Yeah I just spotted one on reverb for about $550. They came a rack mount version or with a rat fur enclosure. Same for the Sunn 1200s (again, same amp as the 1200w class D hybrid) but these were apparently really prone to failure. Here lately I've been seeing fender versions go for anywhere from $450-550 depending on condition. There's a few people trying to sell them for more than that, but they aren't getting it.


----------



## akinari (Oct 15, 2020)

efiltsohg said:


> only for cleans I'm pretty sure, Ron Varod says they used a Sunn Model T, a Hiwatt 100 and a Plexi for the dirt on Hubardo.
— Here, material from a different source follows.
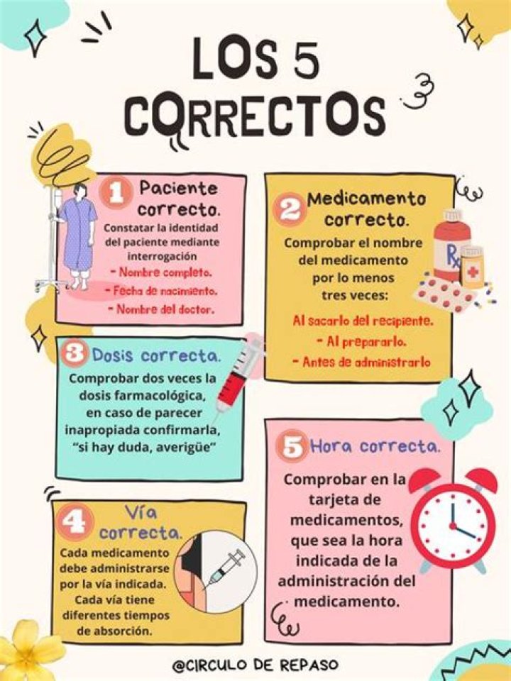 Según los expertos, el manejo de medicamentos debe partir de lo que se conoce como los cinco correctos: medicamento, correcto, paciente correcto, hora correcta, dosis correcta y preparación correcta.

I assume the other albums are similar



Those were borrowed for the overdubs. Live, it's just twins. Coffins and PHOBOS are just the twin. This is a technicality though because those aren't their most metal albums


----------



## Chris Bowsman (Oct 16, 2020)

I have a ‘73 Super Reverb that sounds good for heavy stuff with the right pedal. Also have a solid state 2x12 100 watt Fender combo that gets plenty heavy on its own.


----------



## AngstRiddenDreams (Oct 17, 2020)

I use a Fender Twin for half of my rig and it sounds incredible. The open back adds a lot of space to your sound when paired with a closed back 4x12.


----------



## budda (Oct 17, 2020)

AngstRiddenDreams said:


> I use a Fender Twin for half of my rig and it sounds incredible. The open back adds a lot of space to your sound when paired with a closed back 4x12.



Just add jcm800 and aby and enjoy


----------



## AngstRiddenDreams (Oct 17, 2020)

budda said:


> Just add jcm800 and aby and enjoy


Sovtek MIG 50


----------



## budda (Oct 17, 2020)

AngstRiddenDreams said:


> Sovtek MIG 50



Also good.


----------



## Alex79 (Oct 31, 2020)

Since the EVH brand is owned by Fender, I’d say a lot of metal bands use “Fender” amps even if they are labelled EVH.


----------



## InfinityCollision (Oct 31, 2020)

If you go that far then you could include every metal band that's ever used a Sunn reissue. The Model T reissue is basically the same circuit as the Pro Tube Evil Twin that came after it, so not even that much of a stretch. 300T went into the Bassman 300 too.


----------



## Science_Penguin (Nov 1, 2020)

Fender amps are pretty universally thought of as a clean canvas to paint your tone with pedals.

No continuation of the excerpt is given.